Я разняла кусты и шагнула. Порфирий Антоныч что-то сказал мне, чего я не услышала, и протянул руку. Я поняла, что нужно отдать кувшин, и отдала. Много голубых глаз посмотрело в мою сторону. И мне показалось, что они смотрят сквозь дым. Я не знала, что они выдержали несколько боев, так как вырвались из окружения, но я видела, что они смотрят сквозь дым...

Как ведет себя девочка в порыве радости? Она всплескивает руками, подпрыгивает... Вероятно, я все это и проделала бы, если бы Порфирий Антоныч сразу не взял меня за руку и не притянул к себе:

– Стой смирно!

Может быть, он и не произнес этого, но я замерла, почти приникнув к нему. Моя рука осталась в его руке, и он вместе со своей рукой поднял и мою и остановил на ремне возле сердца.

По этому движению я поняла, что я должна смотреть на что-то, на что сейчас смотрит и он. И только когда кувшин, который переходил из рук в руки, остановился в ладонях одного из бойцов и этот боец, став на колено, нагнулся над травой, я увидела то, на что смотрел Порфирий Антоныч: под деревом лежал девятый боец.

– Пулеметчик, – прошептал Порфирий Антоныч. – Рука, видишь?

Рука раненого лежала на груди, и это была рука черная, как рука рабочего, в масле, блестящая от масла. Как видно, этот пулеметчик хорошо поработал...

Так вот для кого я набирала воду! Но как трудно было этой доброй и веселой воде, вокруг которой только что летали бабочки, делать свое простое дело! Раненый ловил струю, но она проливалась... Я почувствовала, как пальцы Порфирия Антоныча сжали мою руку. Это был мой учитель, который всегда хотел, чтобы я понимала смысл того, что я вижу. И теперь он как бы спрашивал меня: понимаю ли я? В ответ я прижалась к его локтю, и Порфирий Антоныч, наверное, почувствовал, что я киваю головой. Да, я поняла... Я поняла, что перед лицом страданий солдата не велика цена жалости. Мало только жалеть его. Еще нужна клятва! Еще нужно поклясться ему, что и ты, если это понадобится, не станешь щадить своей жизни!

– Балашев, – сказал вдруг тот, который поил, – гляди... А! Гляди, что в лесах творится! И стар и мал... Гляди, девочка в партизанах! А? И старик!

– Мы... мы только сторожим избушку, – сказал Порфирий Антоныч. – Явочное место, и мы...

Порфирий Антоныч даже развел руками:

– Скажи, что мы только сторожим избушку!

И я сказала, что мы только сторожим избушку. Но те двое не слушали. Раненый смотрел на нас, улыбаясь, а товарищ его радовался, что он улыбается. И чтобы улыбка эта не исчезала, он стал хохотать.

– Гляди, гранаты! У старика-то... А? Граната! А девочка... Гляди! А?

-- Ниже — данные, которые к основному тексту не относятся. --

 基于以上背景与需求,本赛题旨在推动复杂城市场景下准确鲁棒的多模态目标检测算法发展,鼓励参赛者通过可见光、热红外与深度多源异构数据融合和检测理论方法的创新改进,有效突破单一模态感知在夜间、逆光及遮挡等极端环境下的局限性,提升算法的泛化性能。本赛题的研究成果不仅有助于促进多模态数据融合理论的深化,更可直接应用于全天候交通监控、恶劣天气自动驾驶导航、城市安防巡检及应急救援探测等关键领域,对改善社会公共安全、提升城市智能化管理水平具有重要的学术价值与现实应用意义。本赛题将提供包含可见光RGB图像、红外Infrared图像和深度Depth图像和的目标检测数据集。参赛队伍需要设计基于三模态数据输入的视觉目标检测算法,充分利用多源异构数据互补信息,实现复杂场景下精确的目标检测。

У меня не было гранат, я была обыкновенная девочка в юбке и в кофте, в которой ходила в школу, но ему уже казалось, что и мой вид отличается чем-то воинственным.

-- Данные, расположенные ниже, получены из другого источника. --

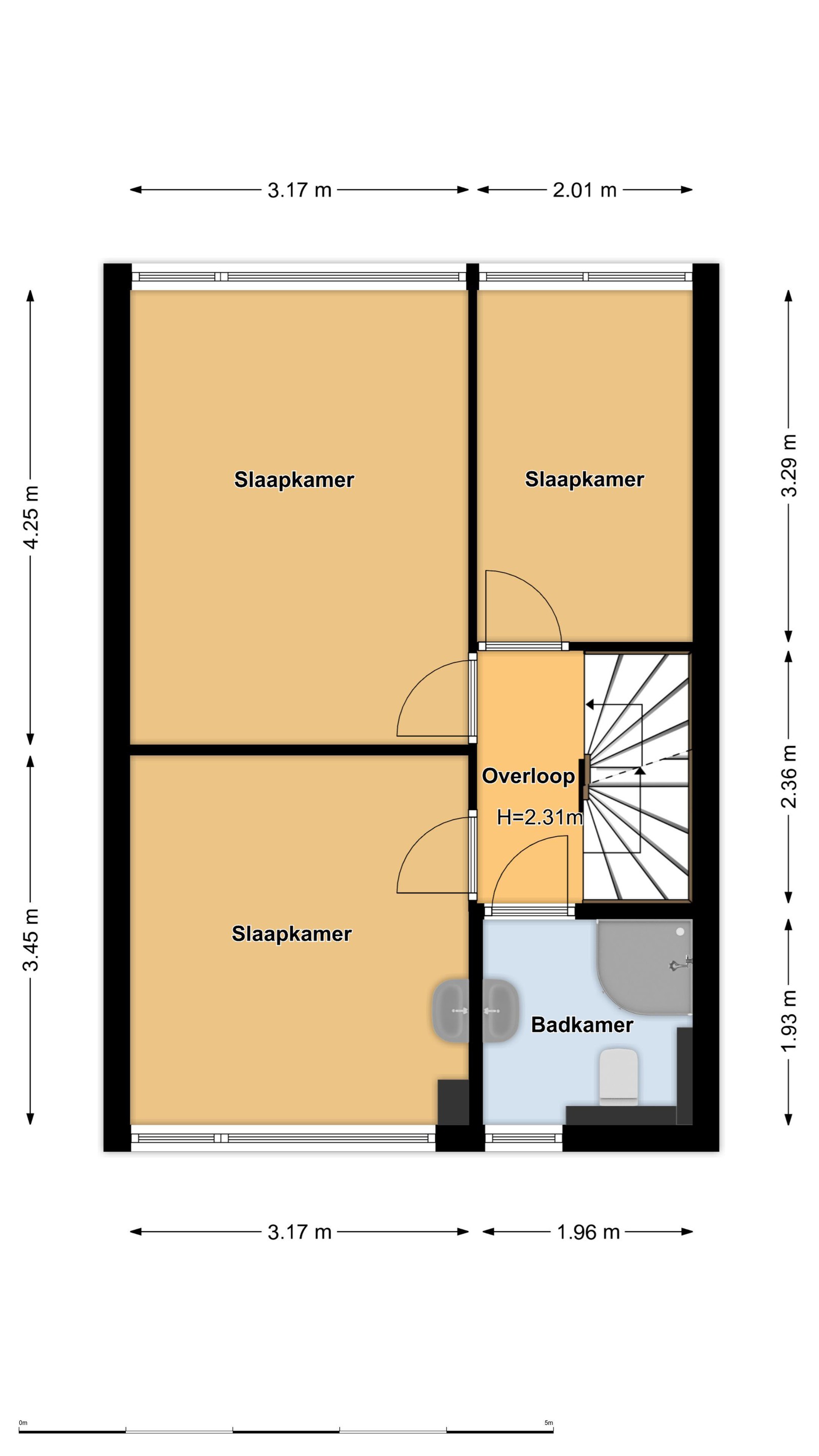 Eerste verdieping Overloop, drie slaapkamers en een nette badkamer.

– А, Балашев? Нет, ты гляди... Девочка, а? Ну, брат, мы тебя на таких людей оставляем, что... – он потряс кулаком. – Верно, товарищ старшина?

– Пошли, – сказал тот, кого назвали старшиной.

Он шагнул к раненому, как видно для того, чтобы попрощаться.

– Балашев, – начал он и вдруг позвал вполголоса, как зовут спящего: – Балашев!

Я не видела, что происходит под деревом, потому что огромная фигура старшины стояла впереди меня. Я только видела руку раненого, которая лежала теперь в траве, ладонью вверх.

– Балашев! – позвал старшина еще тише.

Рука поднялась над травой, и старшина, гремя плащом, ринулся к ней. Теперь я могла увидеть раненого, но я закрыла глаза: я испугалась, что увижу картину смерти.

– Во как поет, – сказал раненый. – Во как...

Я открыла глаза и встретилась с его взглядом. Этот взгляд вернулся с вершин деревьев, где только что пропела птица, и теперь улыбался мне.

– Иволга, – произнес раненый с нежностью.

Он опять стал смотреть вдаль. Птица перестала петь, а он все смотрел, все смотрел, все смотрел.

1947

ВОСПОМИНАНИЕ

Мать девочки заснула, а девочка ходила по вагону и разговаривала с пассажирами. Вот она подошла и ко мне.

Я стоял возле окна.

Волосы девочки осветились светом дня. За окном летело огромное пространство Казахстана, летело на юг, так как мы поднимались к северу.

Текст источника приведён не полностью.